ASSIGNED TASK - Directions for the data below: repeat exactly the lines from the one with "Easily folds tool" through the one with "憶愛小眾設計感珍珠彩色串珠鎖骨鏈", both included, and omit all pictures.

EXTRACTED MATERIAL -
»»

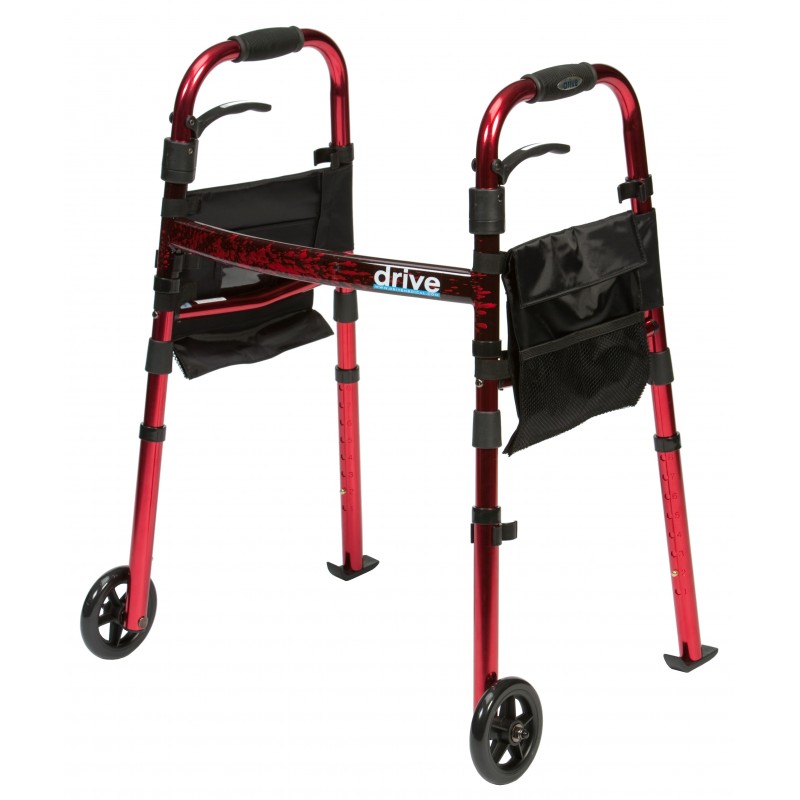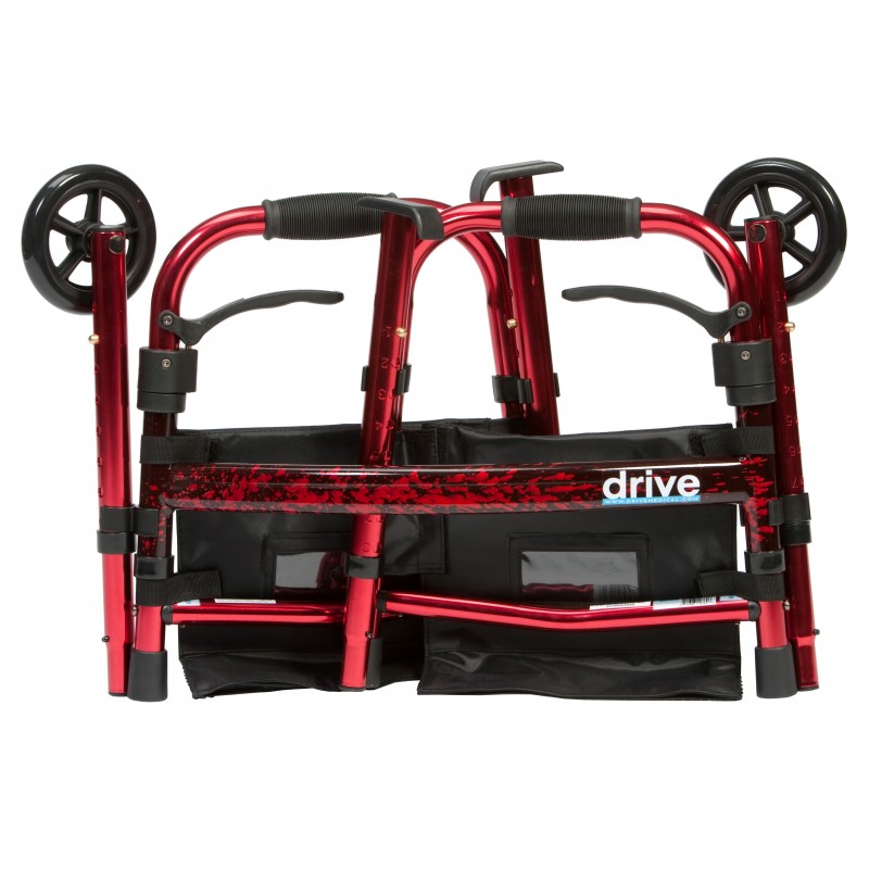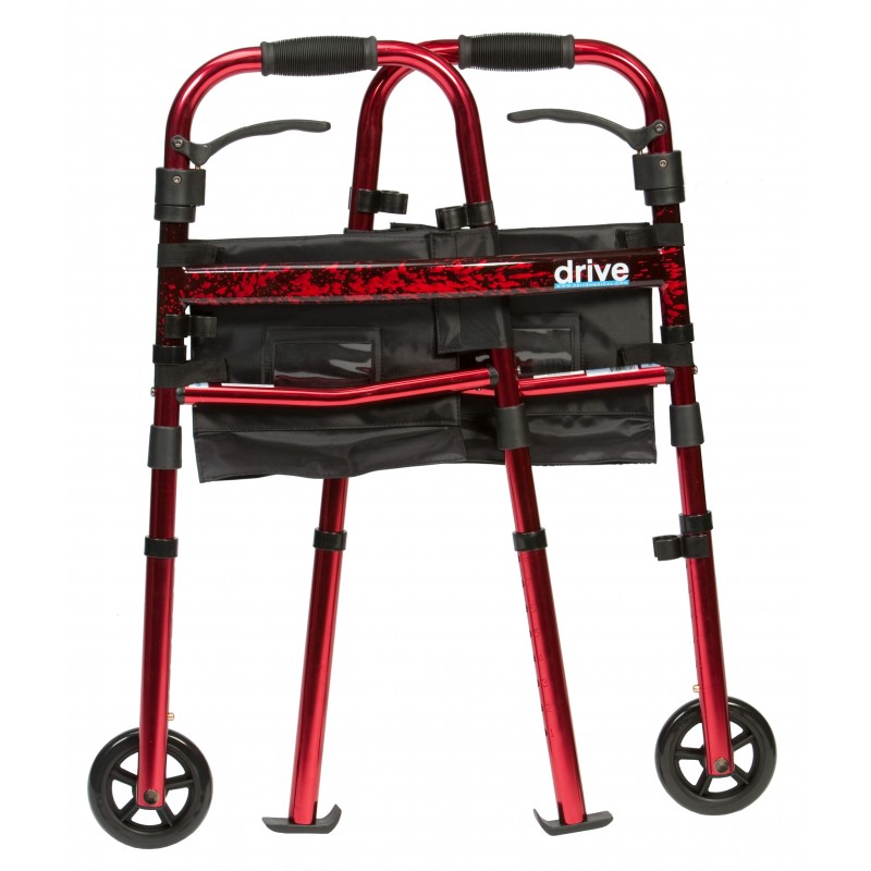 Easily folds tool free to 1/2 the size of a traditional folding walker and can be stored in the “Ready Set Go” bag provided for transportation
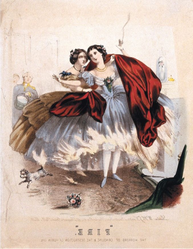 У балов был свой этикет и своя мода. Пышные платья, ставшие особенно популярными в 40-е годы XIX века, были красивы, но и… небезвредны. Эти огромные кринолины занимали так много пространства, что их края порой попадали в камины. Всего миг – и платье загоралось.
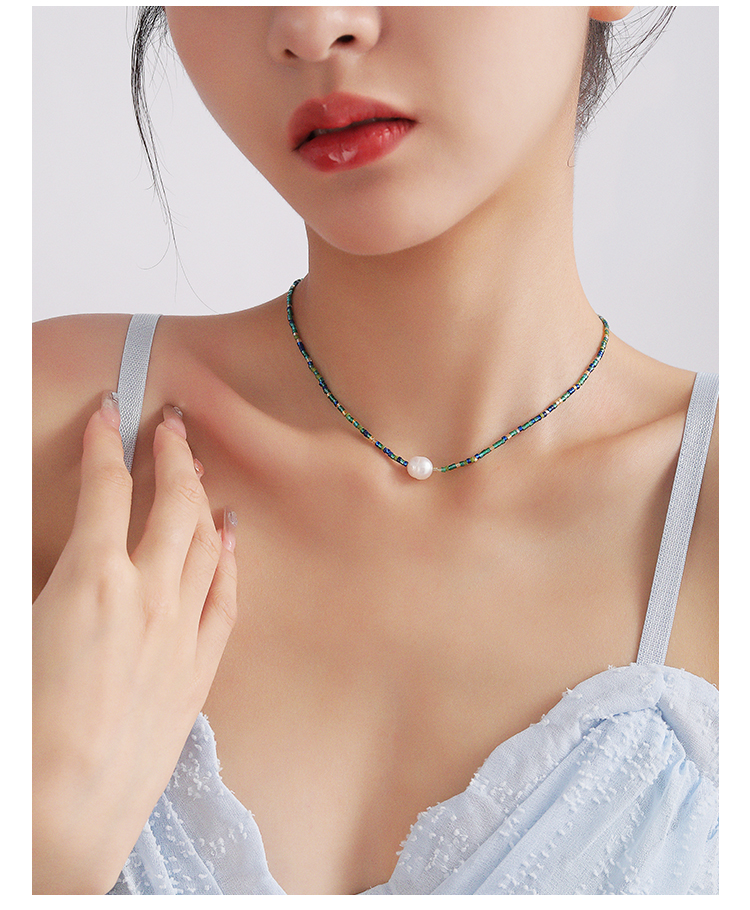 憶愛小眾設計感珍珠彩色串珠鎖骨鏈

««
»»

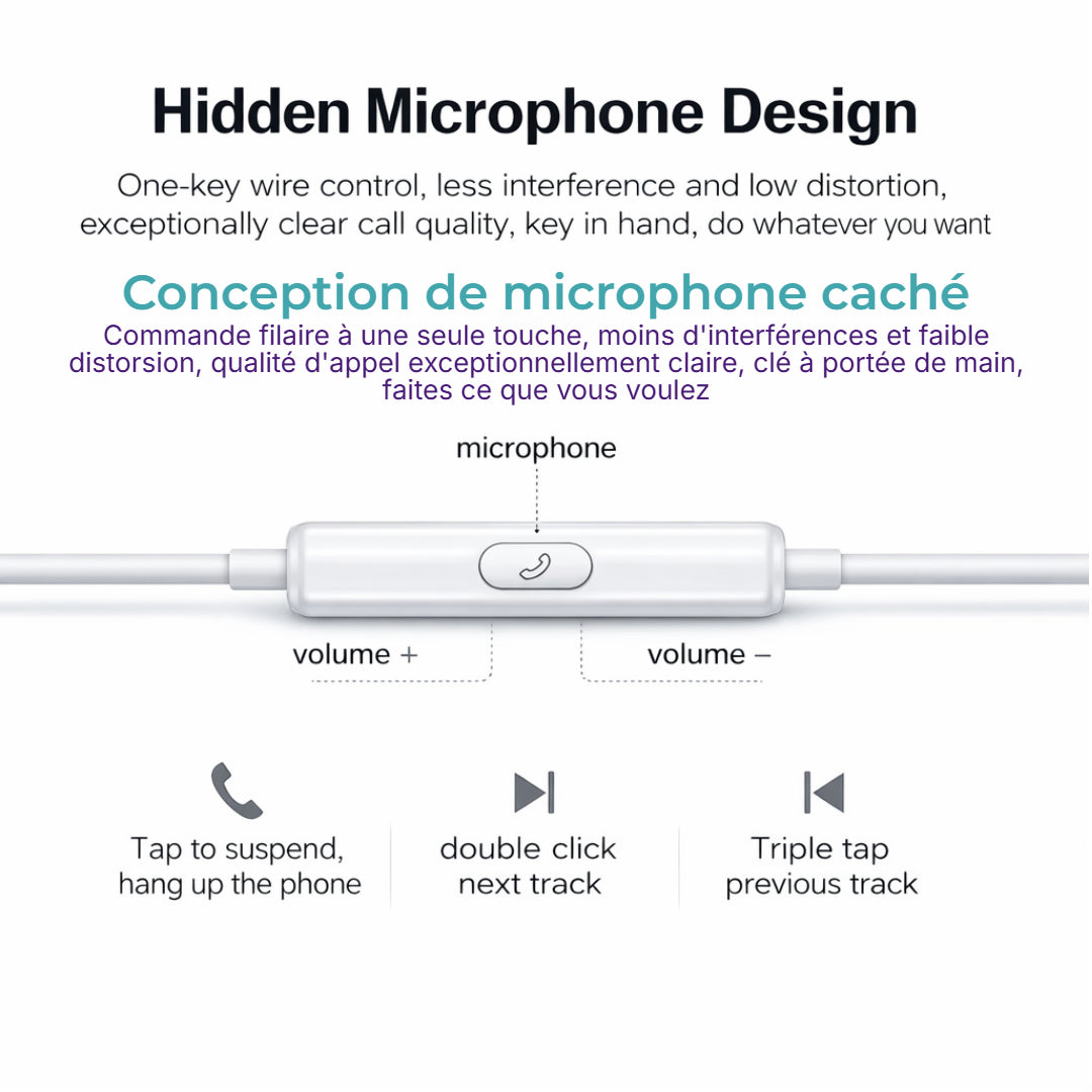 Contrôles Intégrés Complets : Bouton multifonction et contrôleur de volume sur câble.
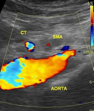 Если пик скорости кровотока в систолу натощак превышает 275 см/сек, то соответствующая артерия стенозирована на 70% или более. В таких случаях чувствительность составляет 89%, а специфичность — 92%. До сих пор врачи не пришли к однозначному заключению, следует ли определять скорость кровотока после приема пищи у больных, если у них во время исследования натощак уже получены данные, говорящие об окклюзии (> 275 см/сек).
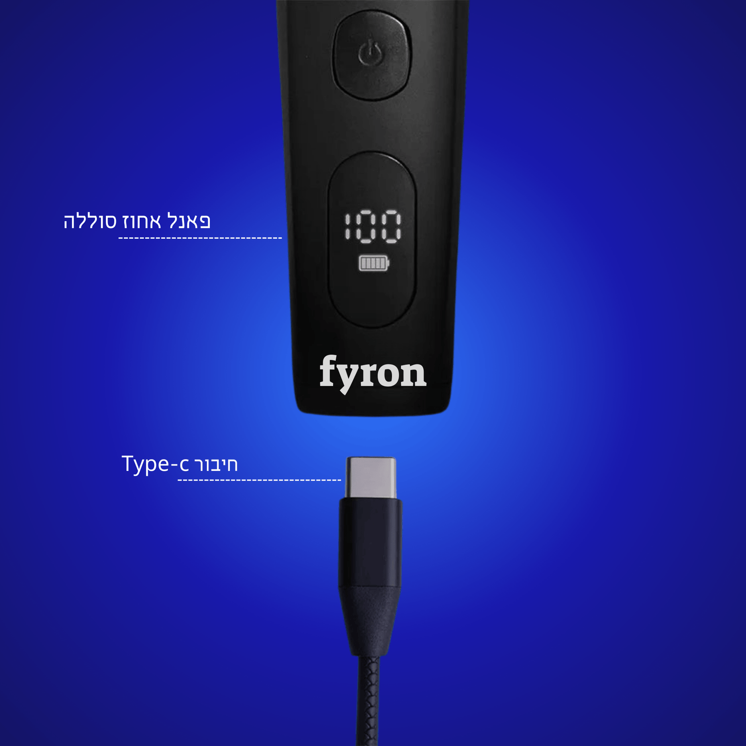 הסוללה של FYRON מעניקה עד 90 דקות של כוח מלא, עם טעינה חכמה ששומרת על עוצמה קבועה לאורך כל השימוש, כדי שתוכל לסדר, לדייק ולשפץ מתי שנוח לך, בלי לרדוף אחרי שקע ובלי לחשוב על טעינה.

««
»»

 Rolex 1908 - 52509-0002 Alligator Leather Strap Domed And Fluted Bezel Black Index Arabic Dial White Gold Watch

««

WRITTEN REPLY -
 Easily folds tool free to 1/2 the size of a traditional folding walker and can be stored in the “Ready Set Go” bag provided for transportation
 У балов был свой этикет и своя мода. Пышные платья, ставшие особенно популярными в 40-е годы XIX века, были красивы, но и… небезвредны. Эти огромные кринолины занимали так много пространства, что их края порой попадали в камины. Всего миг – и платье загоралось.
 憶愛小眾設計感珍珠彩色串珠鎖骨鏈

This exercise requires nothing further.